Multiple-slide, blinded review has been endorsed by several cytology and pathology organizations as the most appropriate method for the review of cervicovaginal specimens in the context of litigation. This process involves review of litigation slides in a blinded manner by multiple independent cytotechnologists and the comparison of those results with those of validation cases that are comprised of known abnormalities with biopsy follow-up. To the authors' knowledge, the results of this method have not been previously published.
The results of the blinded review program at the Center for Cytopathology and Molecular Research at the Medical University of South Carolina for the years 1998-2004 were reviewed.

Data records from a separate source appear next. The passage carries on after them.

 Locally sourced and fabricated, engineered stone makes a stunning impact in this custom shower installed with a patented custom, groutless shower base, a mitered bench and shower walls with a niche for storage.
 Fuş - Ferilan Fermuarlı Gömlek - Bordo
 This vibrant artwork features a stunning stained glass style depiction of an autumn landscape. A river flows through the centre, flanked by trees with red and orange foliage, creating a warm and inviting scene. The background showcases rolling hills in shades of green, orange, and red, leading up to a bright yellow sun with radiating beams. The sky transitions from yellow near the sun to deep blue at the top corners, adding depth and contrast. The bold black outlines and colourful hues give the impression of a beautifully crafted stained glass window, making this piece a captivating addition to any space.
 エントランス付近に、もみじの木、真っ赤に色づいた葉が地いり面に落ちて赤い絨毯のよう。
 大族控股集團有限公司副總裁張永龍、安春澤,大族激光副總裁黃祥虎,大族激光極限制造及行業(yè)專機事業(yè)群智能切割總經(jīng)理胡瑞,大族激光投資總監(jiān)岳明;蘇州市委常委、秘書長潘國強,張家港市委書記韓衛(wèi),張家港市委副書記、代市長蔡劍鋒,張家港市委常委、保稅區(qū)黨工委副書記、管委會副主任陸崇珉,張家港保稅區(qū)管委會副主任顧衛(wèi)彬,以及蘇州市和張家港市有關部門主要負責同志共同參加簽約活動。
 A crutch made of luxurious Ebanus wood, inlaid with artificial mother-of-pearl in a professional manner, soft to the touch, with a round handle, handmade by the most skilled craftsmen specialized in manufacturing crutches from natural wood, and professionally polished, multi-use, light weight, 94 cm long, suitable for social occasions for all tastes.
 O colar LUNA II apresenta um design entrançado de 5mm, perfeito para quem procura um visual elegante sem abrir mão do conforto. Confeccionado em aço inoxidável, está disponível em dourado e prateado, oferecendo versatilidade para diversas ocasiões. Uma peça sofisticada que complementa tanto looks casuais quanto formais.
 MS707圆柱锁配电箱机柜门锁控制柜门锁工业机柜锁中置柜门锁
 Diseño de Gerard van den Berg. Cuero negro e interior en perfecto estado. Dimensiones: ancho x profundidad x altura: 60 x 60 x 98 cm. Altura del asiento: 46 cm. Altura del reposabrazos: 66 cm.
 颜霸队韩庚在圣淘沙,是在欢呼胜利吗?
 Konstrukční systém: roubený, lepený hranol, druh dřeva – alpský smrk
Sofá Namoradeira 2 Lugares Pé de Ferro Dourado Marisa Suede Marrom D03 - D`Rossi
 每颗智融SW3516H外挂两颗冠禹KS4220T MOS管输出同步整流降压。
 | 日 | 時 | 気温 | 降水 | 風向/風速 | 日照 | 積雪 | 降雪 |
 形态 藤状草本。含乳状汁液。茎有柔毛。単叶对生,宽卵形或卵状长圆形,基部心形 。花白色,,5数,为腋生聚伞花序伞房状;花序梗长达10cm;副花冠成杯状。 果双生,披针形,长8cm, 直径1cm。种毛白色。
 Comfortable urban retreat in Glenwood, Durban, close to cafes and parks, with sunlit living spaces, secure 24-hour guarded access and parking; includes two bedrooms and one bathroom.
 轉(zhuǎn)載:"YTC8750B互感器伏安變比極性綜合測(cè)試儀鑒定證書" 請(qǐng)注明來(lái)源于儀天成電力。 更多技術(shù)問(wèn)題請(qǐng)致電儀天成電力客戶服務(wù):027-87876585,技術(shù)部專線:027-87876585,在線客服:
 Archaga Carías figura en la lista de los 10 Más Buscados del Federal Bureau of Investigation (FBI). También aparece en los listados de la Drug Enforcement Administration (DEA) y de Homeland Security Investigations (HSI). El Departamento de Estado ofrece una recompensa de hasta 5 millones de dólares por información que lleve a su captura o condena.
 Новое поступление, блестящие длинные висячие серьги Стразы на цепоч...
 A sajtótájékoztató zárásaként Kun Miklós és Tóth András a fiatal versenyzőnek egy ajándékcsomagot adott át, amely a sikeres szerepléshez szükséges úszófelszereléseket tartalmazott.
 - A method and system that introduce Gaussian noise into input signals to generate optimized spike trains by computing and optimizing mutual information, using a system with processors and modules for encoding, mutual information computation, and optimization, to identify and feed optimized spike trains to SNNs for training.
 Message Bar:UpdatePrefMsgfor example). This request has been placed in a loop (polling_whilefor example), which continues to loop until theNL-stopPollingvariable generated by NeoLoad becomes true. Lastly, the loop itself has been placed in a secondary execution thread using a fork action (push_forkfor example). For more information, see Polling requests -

A total of 135 litigation slides and 122 validation slides were reviewed. The interpretations of these cases were found to be significantly different (P < 0.001). Litigation cases were significantly more likely to be interpreted as either negative for intraepithelial lesion (NIL) or atypical squamous cells/atypical glandular cells (ASC/AGC) (P < 0.001). The results appeared to be independent of the individual cytotechnologists involved. Approximately 10% of litigation cases were called at least ASC/AGC by all observers and 4% were interpreted as NIL by all observers. For litigation cases, ASC/AGC was found to be just as reproducible as high-grade squamous intraepithelial lesion. The results demonstrated that only 10% of litigation cases are regularly and reliably identified as abnormal, whereas a single review as performed by an expert cytologist can be expected to classify 56% of cases as abnormal.
This program suggests that a majority of litigation cases are not regularly and reliably identified as abnormal, and a single review will routinely overestimate the percentage of cases that are identified regularly and reliably.